▶ _What you need to do_: Work through the listing below and give again exactly the lines from the one with "Add a touch" to the one with "Join us for", both ends included. All other lines and all pictures stay out.

Top of Records for the exercise

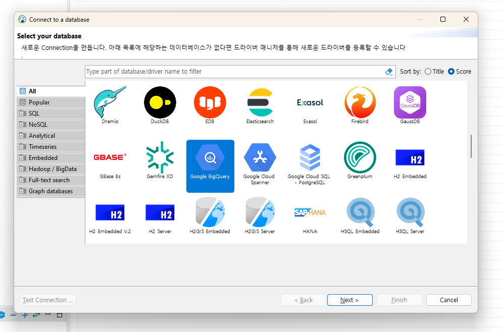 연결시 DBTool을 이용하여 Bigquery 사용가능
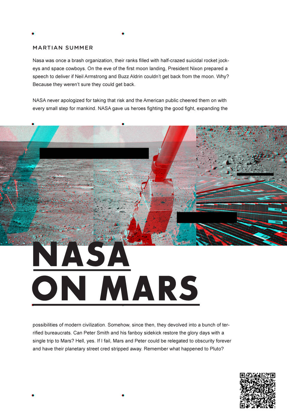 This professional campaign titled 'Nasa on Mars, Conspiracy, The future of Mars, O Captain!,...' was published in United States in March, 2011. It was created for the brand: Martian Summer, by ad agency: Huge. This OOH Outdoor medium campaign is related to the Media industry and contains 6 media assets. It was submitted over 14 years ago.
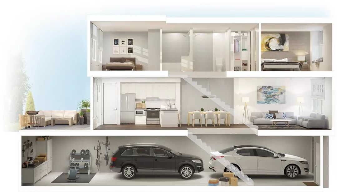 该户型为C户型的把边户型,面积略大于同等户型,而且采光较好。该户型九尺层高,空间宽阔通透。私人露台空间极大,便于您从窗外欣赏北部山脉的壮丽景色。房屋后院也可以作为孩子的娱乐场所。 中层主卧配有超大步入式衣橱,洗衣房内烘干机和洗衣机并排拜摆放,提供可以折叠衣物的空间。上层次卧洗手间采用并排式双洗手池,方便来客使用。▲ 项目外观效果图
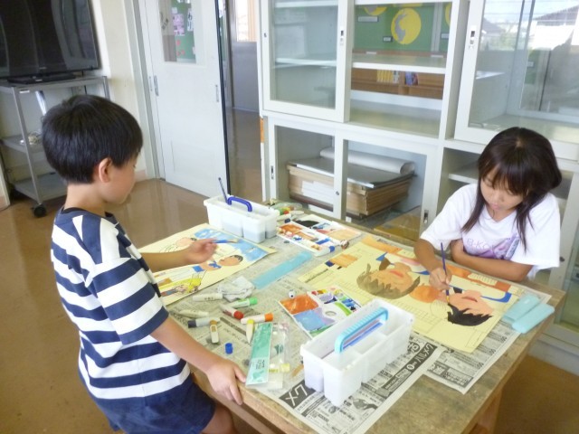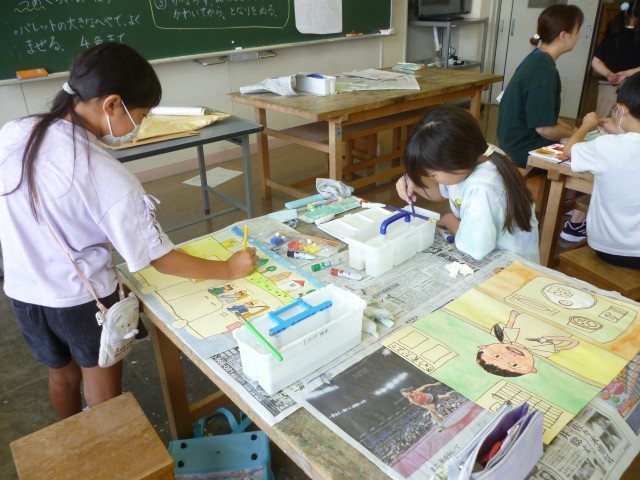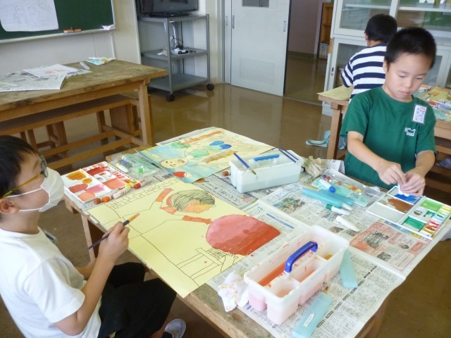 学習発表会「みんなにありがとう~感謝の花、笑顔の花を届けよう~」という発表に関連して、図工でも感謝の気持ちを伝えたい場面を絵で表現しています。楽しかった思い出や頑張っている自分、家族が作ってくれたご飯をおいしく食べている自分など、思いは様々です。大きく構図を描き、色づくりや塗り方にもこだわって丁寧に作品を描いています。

Bottom of Records for the exercise
Top of Records for the exercise

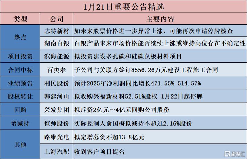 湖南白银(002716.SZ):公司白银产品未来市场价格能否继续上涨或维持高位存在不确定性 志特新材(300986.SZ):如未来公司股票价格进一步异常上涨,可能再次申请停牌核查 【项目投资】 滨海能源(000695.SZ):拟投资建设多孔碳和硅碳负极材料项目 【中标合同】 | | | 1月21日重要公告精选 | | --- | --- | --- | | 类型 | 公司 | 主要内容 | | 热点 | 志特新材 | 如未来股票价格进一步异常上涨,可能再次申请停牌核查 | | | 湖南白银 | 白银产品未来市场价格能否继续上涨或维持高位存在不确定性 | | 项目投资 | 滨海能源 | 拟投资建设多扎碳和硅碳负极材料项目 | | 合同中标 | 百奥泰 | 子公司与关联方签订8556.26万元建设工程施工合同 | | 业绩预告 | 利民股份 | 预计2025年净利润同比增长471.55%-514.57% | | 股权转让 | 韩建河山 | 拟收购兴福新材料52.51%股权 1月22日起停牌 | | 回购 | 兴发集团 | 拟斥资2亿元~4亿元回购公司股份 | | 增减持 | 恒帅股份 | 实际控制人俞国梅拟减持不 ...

Bottom of Records for the exercise
Top of Records for the exercise

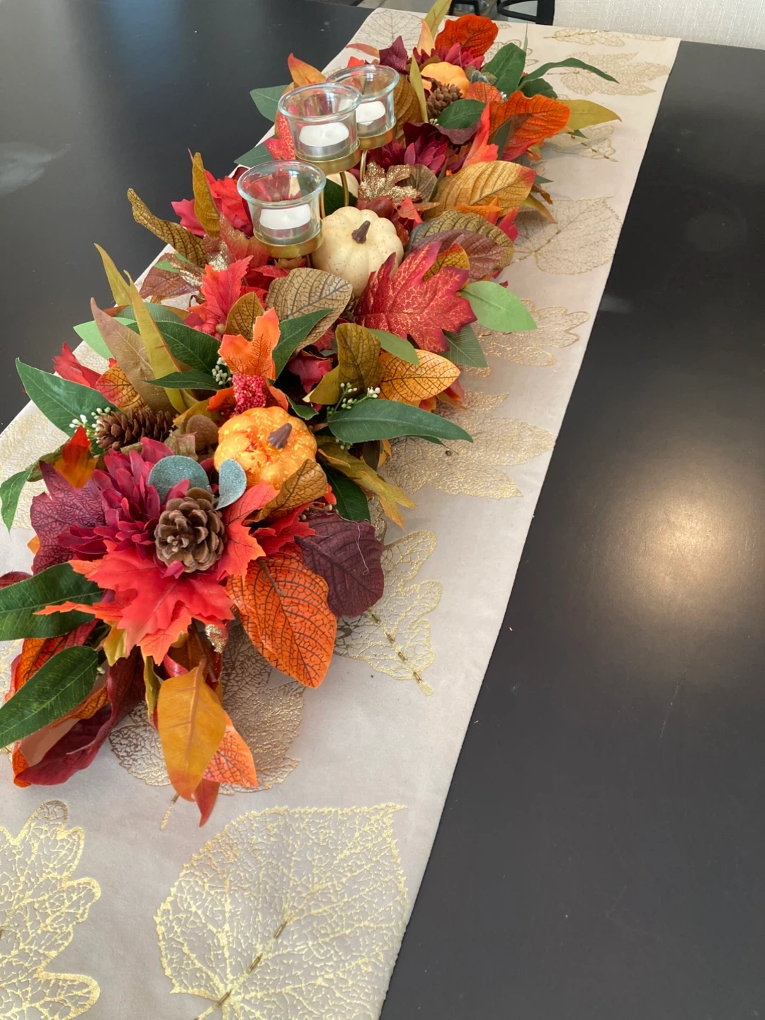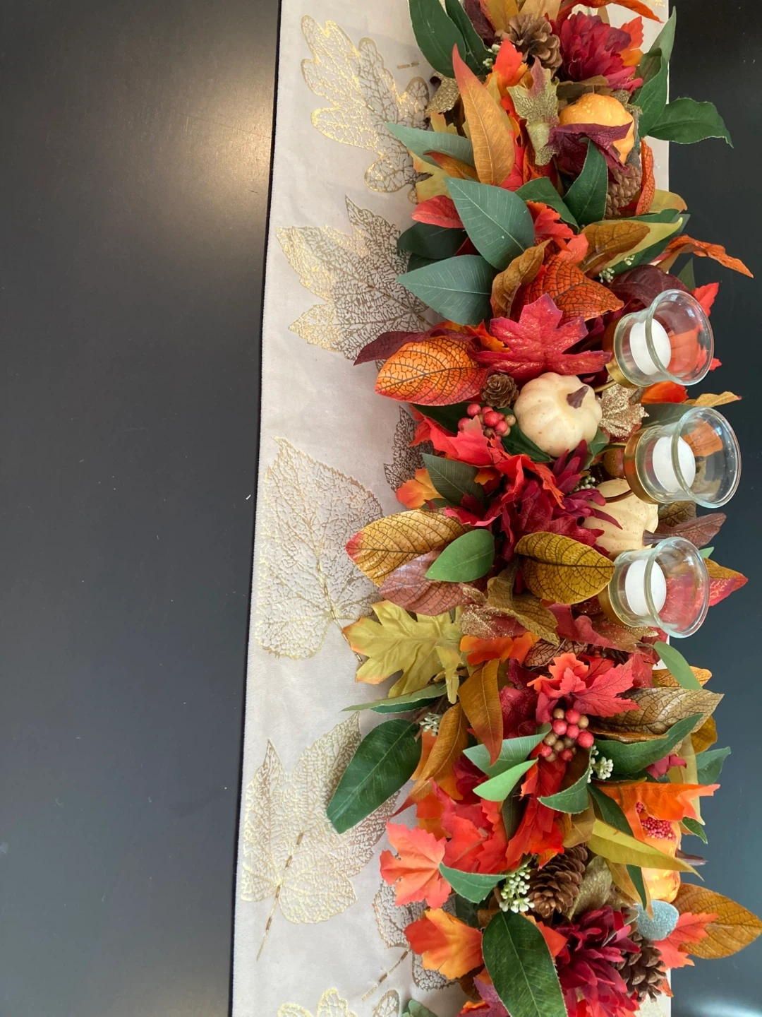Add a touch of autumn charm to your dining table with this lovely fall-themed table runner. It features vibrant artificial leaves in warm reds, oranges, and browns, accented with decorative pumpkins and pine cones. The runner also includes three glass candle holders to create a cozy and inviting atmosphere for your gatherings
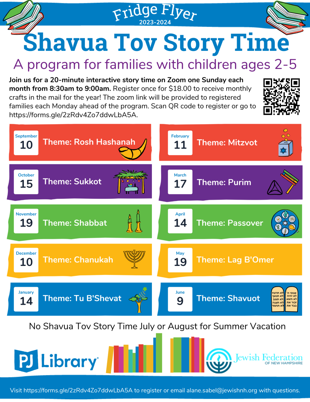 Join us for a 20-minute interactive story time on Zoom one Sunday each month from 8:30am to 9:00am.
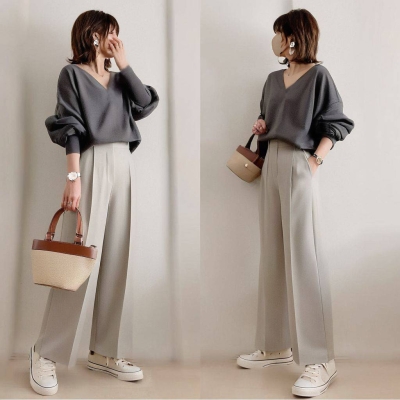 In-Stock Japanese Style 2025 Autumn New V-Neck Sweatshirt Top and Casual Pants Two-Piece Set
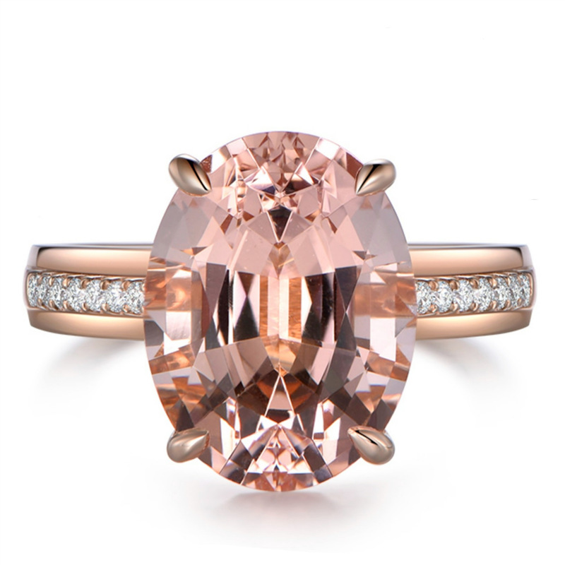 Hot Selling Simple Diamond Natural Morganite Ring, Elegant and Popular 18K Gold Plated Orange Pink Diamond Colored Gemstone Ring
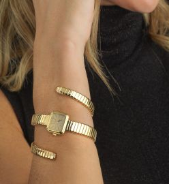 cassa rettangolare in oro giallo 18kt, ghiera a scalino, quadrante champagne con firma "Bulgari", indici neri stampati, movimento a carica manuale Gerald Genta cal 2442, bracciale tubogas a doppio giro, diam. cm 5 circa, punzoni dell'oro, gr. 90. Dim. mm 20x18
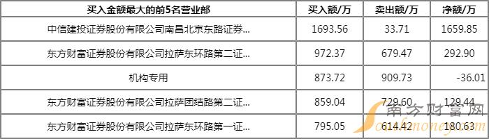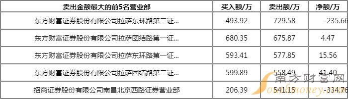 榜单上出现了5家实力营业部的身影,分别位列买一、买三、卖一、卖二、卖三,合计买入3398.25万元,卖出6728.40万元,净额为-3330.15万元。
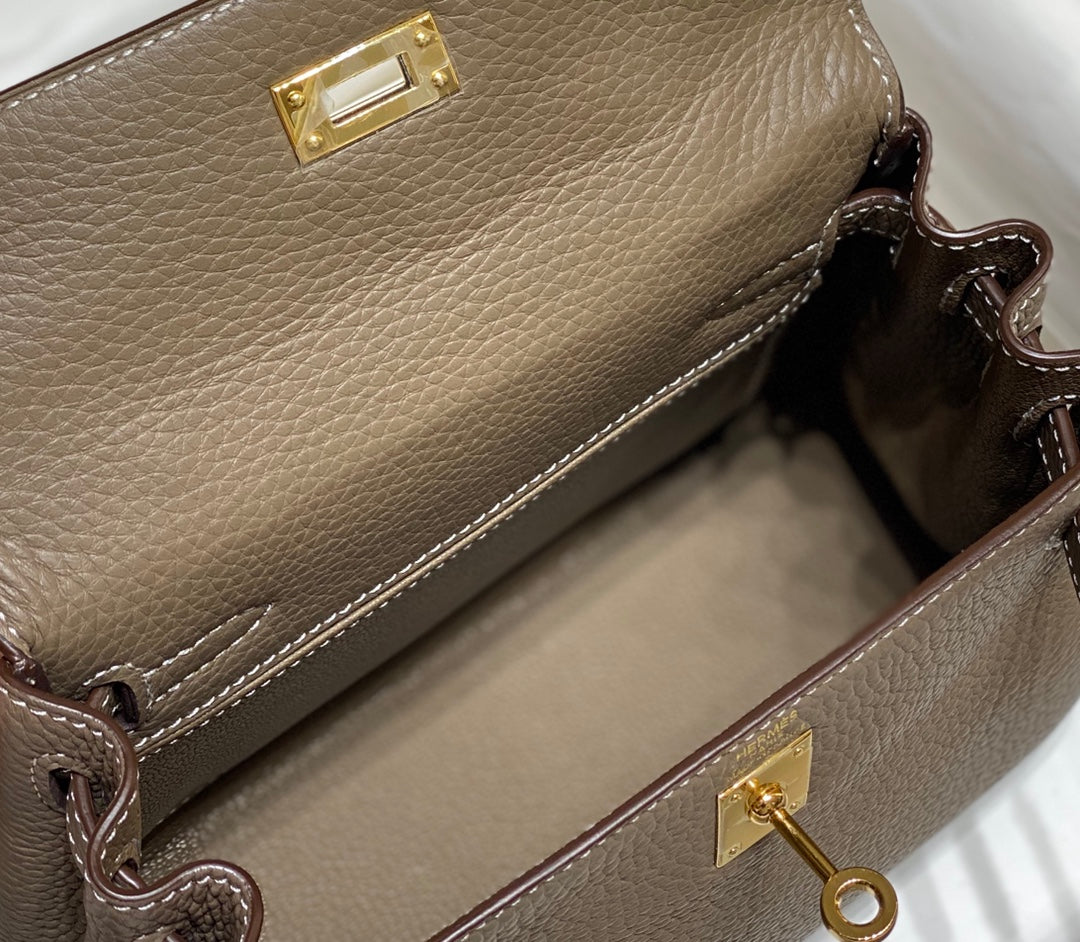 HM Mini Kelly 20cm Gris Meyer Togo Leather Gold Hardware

Bottom of Records for the exercise

▶ _Result_:
Add a touch of autumn charm to your dining table with this lovely fall-themed table runner. It features vibrant artificial leaves in warm reds, oranges, and browns, accented with decorative pumpkins and pine cones. The runner also includes three glass candle holders to create a cozy and inviting atmosphere for your gatherings
 Join us for a 20-minute interactive story time on Zoom one Sunday each month from 8:30am to 9:00am.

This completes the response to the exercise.